REQUIREMENT |
Although the data below contains pictures, please reproduce only its words, exactly.

*** Opening of EXERCISE INPUT ***

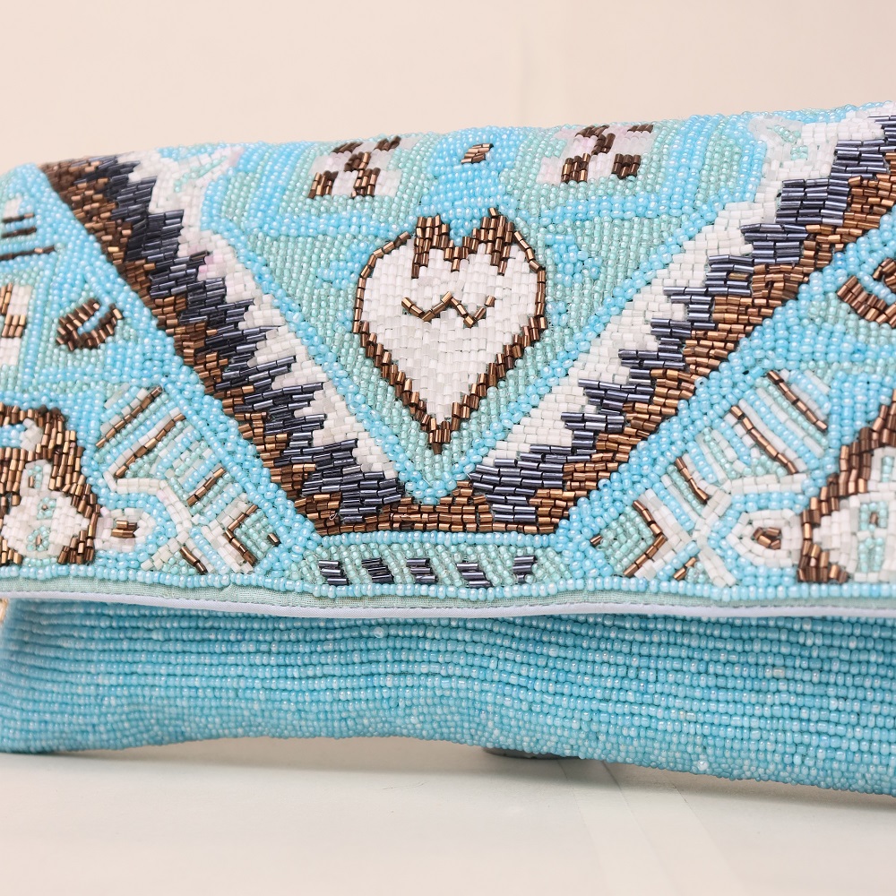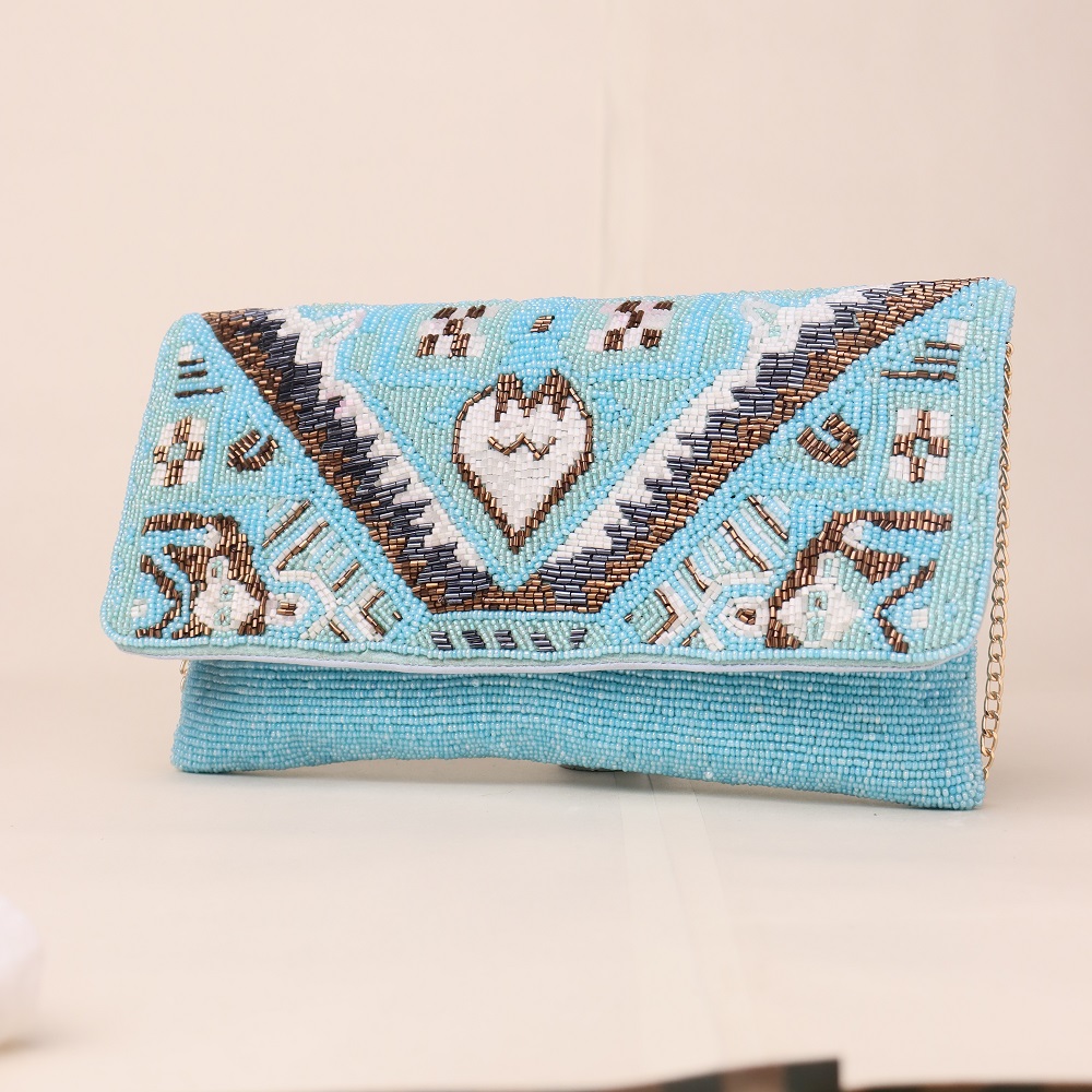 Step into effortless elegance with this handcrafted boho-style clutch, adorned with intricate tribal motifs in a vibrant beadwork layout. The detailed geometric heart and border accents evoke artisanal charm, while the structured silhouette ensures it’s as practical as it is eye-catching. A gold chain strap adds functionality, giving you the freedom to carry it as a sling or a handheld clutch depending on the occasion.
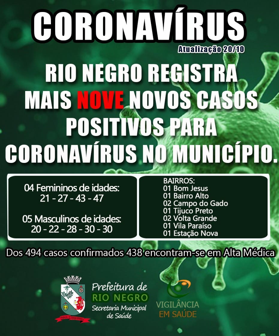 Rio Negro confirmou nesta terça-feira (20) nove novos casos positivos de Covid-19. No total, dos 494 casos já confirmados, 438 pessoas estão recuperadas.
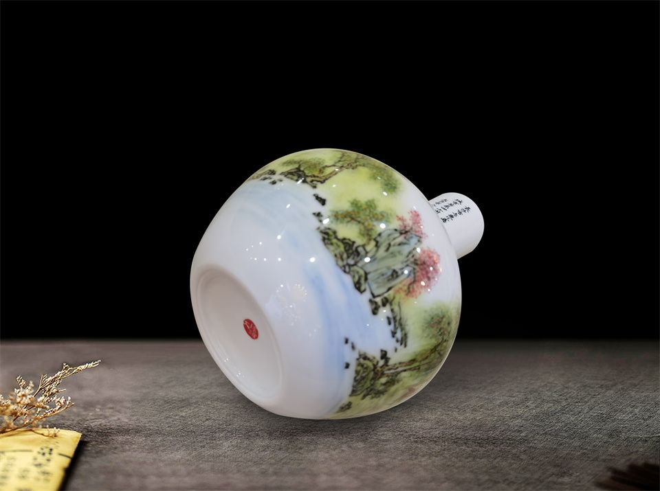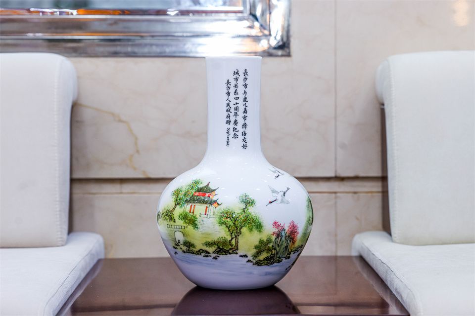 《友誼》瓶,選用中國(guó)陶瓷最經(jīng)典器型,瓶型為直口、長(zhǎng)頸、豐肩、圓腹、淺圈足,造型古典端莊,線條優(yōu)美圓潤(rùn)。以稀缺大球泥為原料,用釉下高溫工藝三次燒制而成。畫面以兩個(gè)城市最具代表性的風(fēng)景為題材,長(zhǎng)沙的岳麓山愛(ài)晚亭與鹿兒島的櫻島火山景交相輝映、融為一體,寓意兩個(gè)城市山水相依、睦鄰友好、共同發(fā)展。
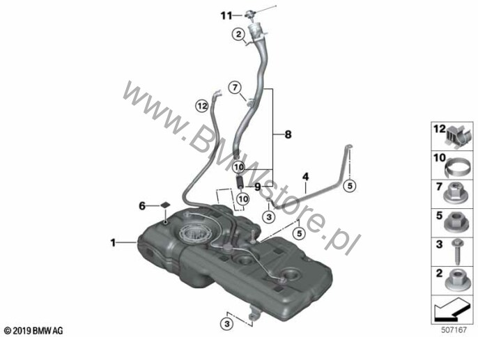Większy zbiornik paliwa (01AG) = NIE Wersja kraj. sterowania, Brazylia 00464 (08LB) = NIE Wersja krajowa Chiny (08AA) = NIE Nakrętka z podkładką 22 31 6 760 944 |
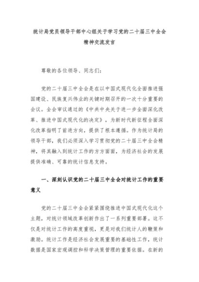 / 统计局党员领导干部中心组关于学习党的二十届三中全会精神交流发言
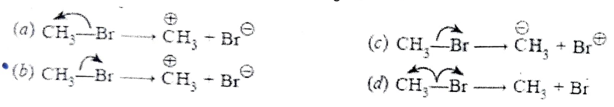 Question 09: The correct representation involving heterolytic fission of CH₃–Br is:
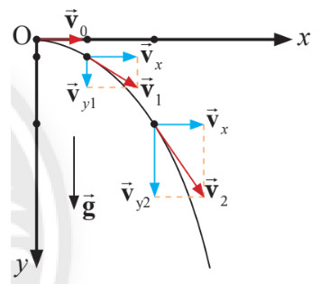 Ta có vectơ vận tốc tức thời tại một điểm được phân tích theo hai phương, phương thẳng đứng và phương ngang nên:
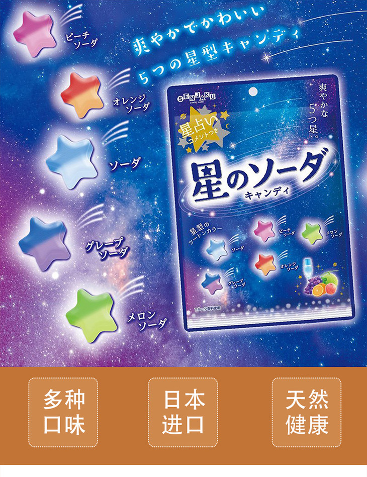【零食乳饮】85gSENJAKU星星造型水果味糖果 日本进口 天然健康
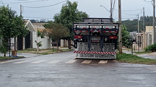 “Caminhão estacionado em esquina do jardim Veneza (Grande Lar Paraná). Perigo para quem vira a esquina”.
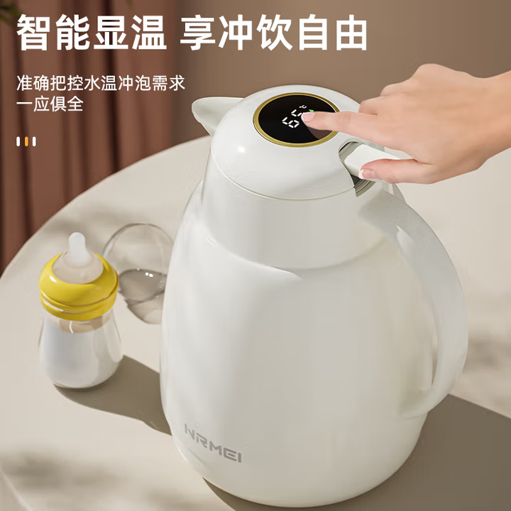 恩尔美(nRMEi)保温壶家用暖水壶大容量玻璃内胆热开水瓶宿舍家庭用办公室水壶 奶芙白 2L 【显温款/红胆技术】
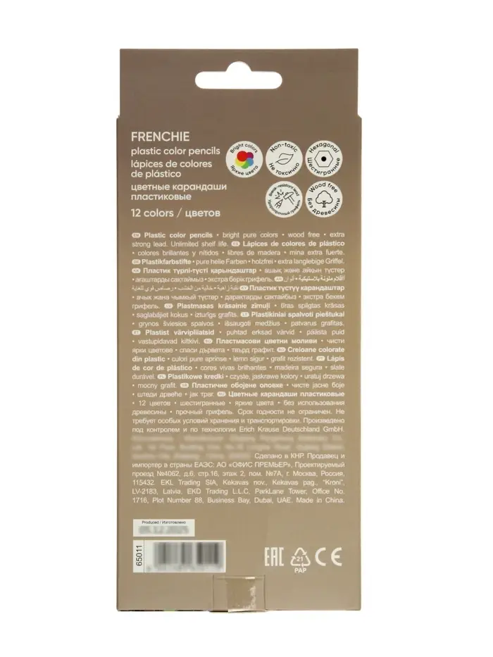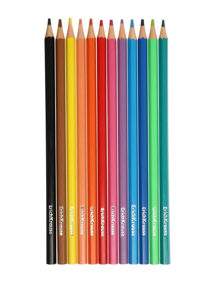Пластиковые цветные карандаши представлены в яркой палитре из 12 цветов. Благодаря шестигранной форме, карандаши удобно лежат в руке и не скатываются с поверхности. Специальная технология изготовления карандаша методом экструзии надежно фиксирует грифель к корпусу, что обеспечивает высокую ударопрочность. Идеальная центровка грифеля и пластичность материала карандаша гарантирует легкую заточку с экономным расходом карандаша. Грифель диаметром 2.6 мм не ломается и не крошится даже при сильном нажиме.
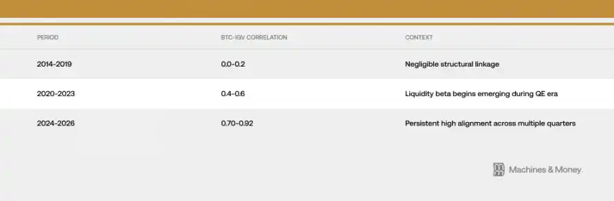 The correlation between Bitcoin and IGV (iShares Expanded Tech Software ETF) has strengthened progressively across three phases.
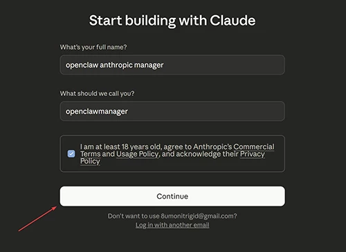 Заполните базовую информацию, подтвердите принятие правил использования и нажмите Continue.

*** Close of EXERCISE INPUT ***

RESPONSE AREA |
 Step into effortless elegance with this handcrafted boho-style clutch, adorned with intricate tribal motifs in a vibrant beadwork layout. The detailed geometric heart and border accents evoke artisanal charm, while the structured silhouette ensures it’s as practical as it is eye-catching. A gold chain strap adds functionality, giving you the freedom to carry it as a sling or a handheld clutch depending on the occasion.
 Rio Negro confirmou nesta terça-feira (20) nove novos casos positivos de Covid-19. No total, dos 494 casos já confirmados, 438 pessoas estão recuperadas.
 《友誼》瓶,選用中國(guó)陶瓷最經(jīng)典器型,瓶型為直口、長(zhǎng)頸、豐肩、圓腹、淺圈足,造型古典端莊,線條優(yōu)美圓潤(rùn)。以稀缺大球泥為原料,用釉下高溫工藝三次燒制而成。畫面以兩個(gè)城市最具代表性的風(fēng)景為題材,長(zhǎng)沙的岳麓山愛(ài)晚亭與鹿兒島的櫻島火山景交相輝映、融為一體,寓意兩個(gè)城市山水相依、睦鄰友好、共同發(fā)展。
Większy zbiornik paliwa (01AG) = NIE Wersja kraj. sterowania, Brazylia 00464 (08LB) = NIE Wersja krajowa Chiny (08AA) = NIE Nakrętka z podkładką 22 31 6 760 944 |
 / 统计局党员领导干部中心组关于学习党的二十届三中全会精神交流发言
 Question 09: The correct representation involving heterolytic fission of CH₃–Br is:
 Ta có vectơ vận tốc tức thời tại một điểm được phân tích theo hai phương, phương thẳng đứng và phương ngang nên:
【零食乳饮】85gSENJAKU星星造型水果味糖果 日本进口 天然健康
 “Caminhão estacionado em esquina do jardim Veneza (Grande Lar Paraná). Perigo para quem vira a esquina”.
 恩尔美(nRMEi)保温壶家用暖水壶大容量玻璃内胆热开水瓶宿舍家庭用办公室水壶 奶芙白 2L 【显温款/红胆技术】
Пластиковые цветные карандаши представлены в яркой палитре из 12 цветов. Благодаря шестигранной форме, карандаши удобно лежат в руке и не скатываются с поверхности. Специальная технология изготовления карандаша методом экструзии надежно фиксирует грифель к корпусу, что обеспечивает высокую ударопрочность. Идеальная центровка грифеля и пластичность материала карандаша гарантирует легкую заточку с экономным расходом карандаша. Грифель диаметром 2.6 мм не ломается и не крошится даже при сильном нажиме.
 The correlation between Bitcoin and IGV (iShares Expanded Tech Software ETF) has strengthened progressively across three phases.
 Заполните базовую информацию, подтвердите принятие правил использования и нажмите Continue.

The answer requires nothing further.